What is expected:
Although the listing contains pictures, reproduce only its text, exactly as written.

--*--

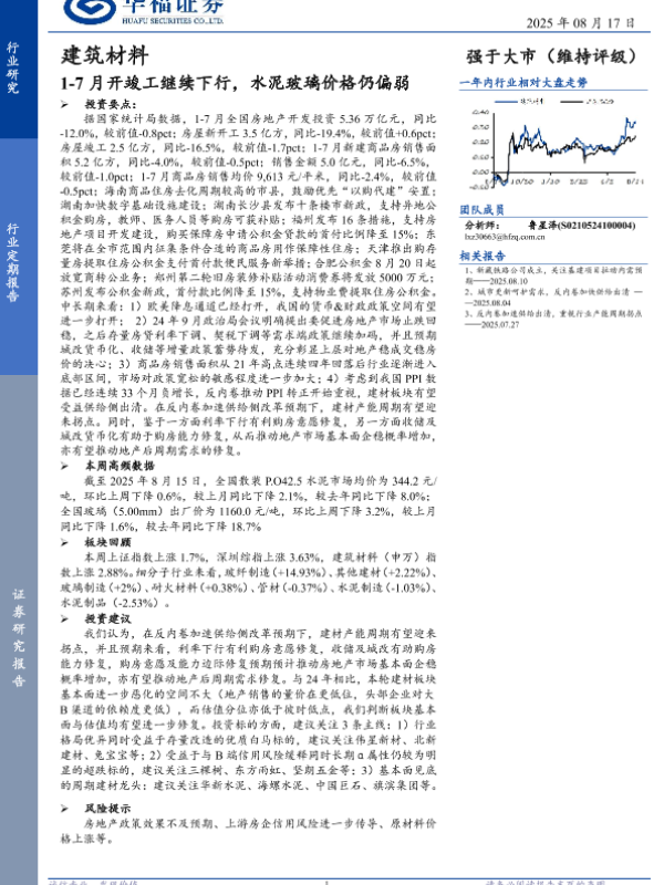 【华福证券】【202508】1-7月开竣工继续下行,水泥玻璃价格仍偏弱-11页 证券期货研究报告
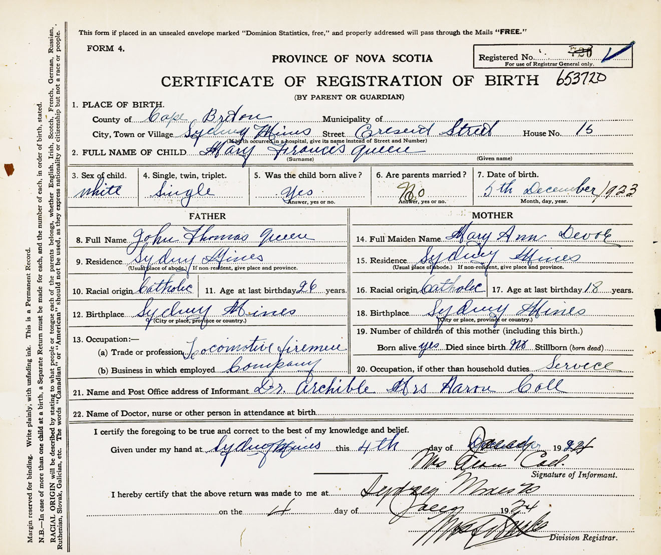 Female Birth Registration: Year: 1923 number: 65300720
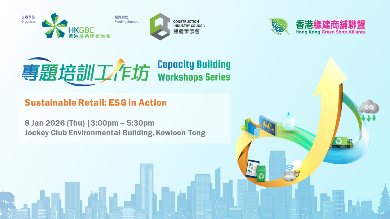 Organised by the Hong Kong Green Building Council and funded by the Construction Industry Council, the Hong Kong Green Shop Alliance (HKGSA) is pleased to present three “Capacity Building Workshops” tailored for mall and shop operators. Featuring experienced sustainability experts, the workshops will offer interactive exchanges and in‑depth insights into the latest environmental trends in retail.
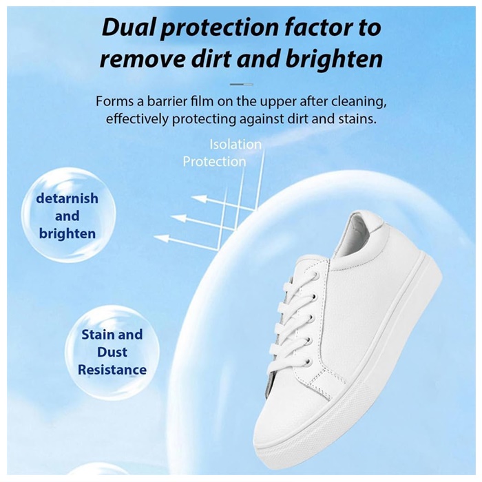 2.白鞋清洁:专为白鞋配制,有效清洁和提亮白鞋,恢复其原有颜色。
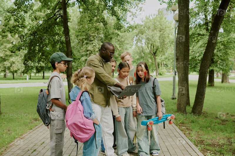 Многонациональные дети слушают учителя-мужчину, объясняющего урок в парке

--*--

Response area:
 【华福证券】【202508】1-7月开竣工继续下行,水泥玻璃价格仍偏弱-11页 证券期货研究报告
 Female Birth Registration: Year: 1923 number: 65300720
 Organised by the Hong Kong Green Building Council and funded by the Construction Industry Council, the Hong Kong Green Shop Alliance (HKGSA) is pleased to present three “Capacity Building Workshops” tailored for mall and shop operators. Featuring experienced sustainability experts, the workshops will offer interactive exchanges and in‑depth insights into the latest environmental trends in retail.
 2.白鞋清洁:专为白鞋配制,有效清洁和提亮白鞋,恢复其原有颜色。
 Многонациональные дети слушают учителя-мужчину, объясняющего урок в парке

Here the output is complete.